Winds shape ecosystems
As many hikers do, 14-year-old Kathryn Kümmel (“Koko”, to her friends) pays a lot of attention to her surroundings. While hiking one of her favorite trails near her home, which is in Colorado Springs, Colo., Koko noticed that the tree line had a weird shape. (A tree line is the elevation above which trees can’t grow due to cold or dryness.) At this site, there wasn’t a clear, smooth line dividing the trees below from the grassy areas above. Instead, there were small islands of trees — usually cone-bearing evergreens — well beyond the edges of the larger masses of trees. In some cases, those isolated tree clumps were 20 to 60 meters (yards) upslope from the tree line.
In some regions, climate change has been causing tree lines to migrate to higher elevations. (As temperatures grow warmer at high elevations, cold-sensitive plants and animals can more readily survive and thrive.) But Koko suspected that winds also might have played a role in sculpting the oddly shaped tree line in her area. So, she did some lab tests and also collected data in the field.
Instead of using a wind tunnel, as Sara and Rachel had, Koko made some models and dragged them through a tank of water. Those tiny model trees were “planted” in a slab of Styrofoam and then turned upside down and submerged in the tank. She released droplets of ink into the water to highlight the flow patterns (her model for wind patterns) that were moving past her tiny models of clumped trees.
These data indicate that winds don’t just flow over and past trees, then move on. Instead, some swirl back into the protected area downwind of the clump. Koko suspects that such wind patterns could affect the buildup of snowdrifts and the scattering of seeds, among other things.
To check this out in the real world, she installed a couple of sophisticated weather stations near one tree island along her favorite hiking route. Those instruments measured things such as temperature, humidity and the wind speeds at two different heights above ground. She placed one station a few meters (yards) upwind of the tree island. She put the other just downwind of the clump.
Data from these field sites backed up the results of her water-tank tests. On the upwind side of the clump, wind speeds were higher than on the downwind — or protected — side of the tree island. “That dramatically affected how the trees were shaped,” says Koko. On wind-blasted sides of the trees, especially those along the edge of the clump, branches were shorter and weirdly shaped.

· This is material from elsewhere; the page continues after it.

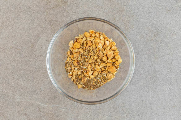 Die Haselnüsse fein hacken und mit der Gewürzmischung vermengen.

Trees along the upwind edge of the clump weren’t taller than the others. But based on the appearance of their bark, they were older than other trees in the island.

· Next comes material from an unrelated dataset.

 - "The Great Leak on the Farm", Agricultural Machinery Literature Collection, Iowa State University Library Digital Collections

That, in turn, suggests that the older trees’ seeds had been carried downwind. Yet the tree island that Koko studied included only mature trees and not any seedlings. The teen plans to further study the issue. Even though the downwind sides of tree islands are protected from the wind, it’s possible that any snowdrifts that accumulate and persist there may stifle the growth of seedlings.

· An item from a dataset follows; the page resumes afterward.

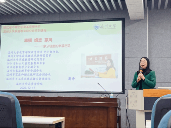2025年12月17日下午,yl23411永利南9C301报告厅,一场以"幸福·婚恋·家风——象牙塔里的幸福密码"为主题的精彩讲座在此举行。永利23411教育学系党支部书记、家庭教育研究院院长、浙江省巾帼文明岗岗长、温州市家庭和谐文化研究会副会长、温州市关工委家风家教宣讲团团长周奇教授,为苏步青学院全体2025级新生带来了一场关于大学生活幸福之道的深度分享。作为浙江省高校“双带头人” 教师党支部书记工作室负责人,这次活动也是其牵头开展的“强国行”系列行动之一。

If you’ve ever watched a weather vane (or simply stood outside on a breezy day), you know that winds are fickle. They arrive from one direction in one moment and then a different one soon after. Not only that, but their speed changes from one moment to the next. Computer models of airflow are either way too crude to give good results, or they’re so complicated they seemingly take forever to run. So, for the near future, scientists and engineers everywhere — including researchers like Sara, Rachel and Koko — will be using wind tunnels and water tanks to make sure that their experiments give consistent results.